YOUR GOAL: An exact copy of the listing below is needed, with no pictures in it.

PROVIDED DATA:
◇ ◇ ◇ ◇

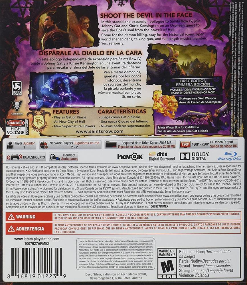 After the space faring antics of Saints Row IV, many fans asked what we could do next... the answer? Shoot The Devil in the face. Play as either Johnny Gat or Kinzie Kensington as you tear apart Hell in a quest to save the leader of the Saints soul. Historical icons, old friends, older enemies, a talking gun, a full length musical number, and a whole lot of other shenanigans all await you in the open world standalone expansion playground that is Saints Row: Gat out of Hell. Key features:
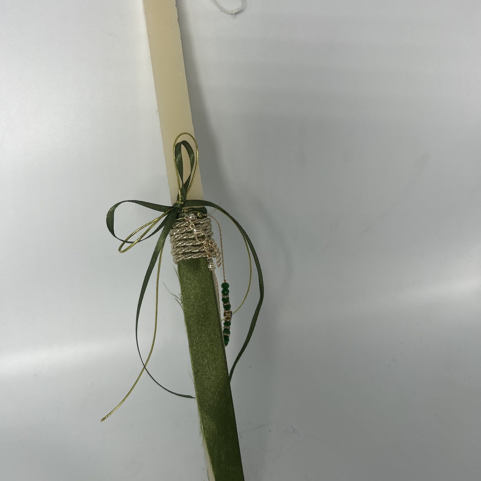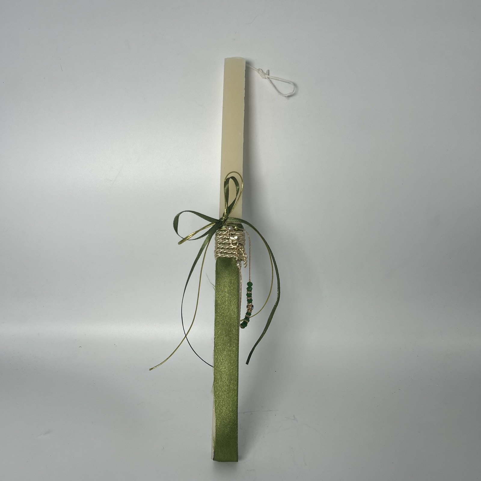 Λευκή πασχαλινή λαμπάδα διακοσμημένη με πράσινη κορδέλα, χρυσό σύρμα και χάντρες.
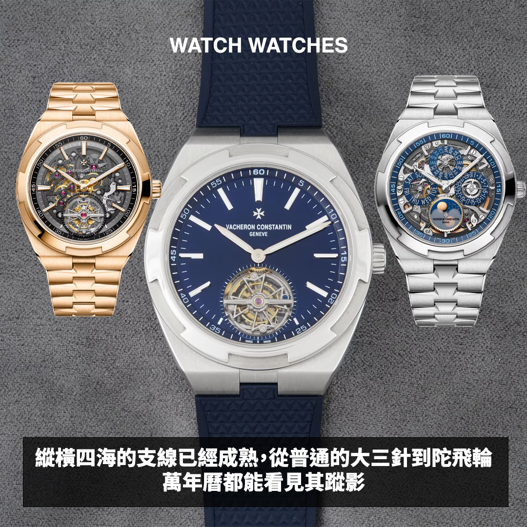 - Overseas:包含普通大三針、逆跳、月相、陀飛輪和萬年曆等多種功能

◇ ◇ ◇ ◇

SOLUTION FOR THIS EXERCISE:
 After the space faring antics of Saints Row IV, many fans asked what we could do next... the answer? Shoot The Devil in the face. Play as either Johnny Gat or Kinzie Kensington as you tear apart Hell in a quest to save the leader of the Saints soul. Historical icons, old friends, older enemies, a talking gun, a full length musical number, and a whole lot of other shenanigans all await you in the open world standalone expansion playground that is Saints Row: Gat out of Hell. Key features:
 Λευκή πασχαλινή λαμπάδα διακοσμημένη με πράσινη κορδέλα, χρυσό σύρμα και χάντρες.
 - Overseas:包含普通大三針、逆跳、月相、陀飛輪和萬年曆等多種功能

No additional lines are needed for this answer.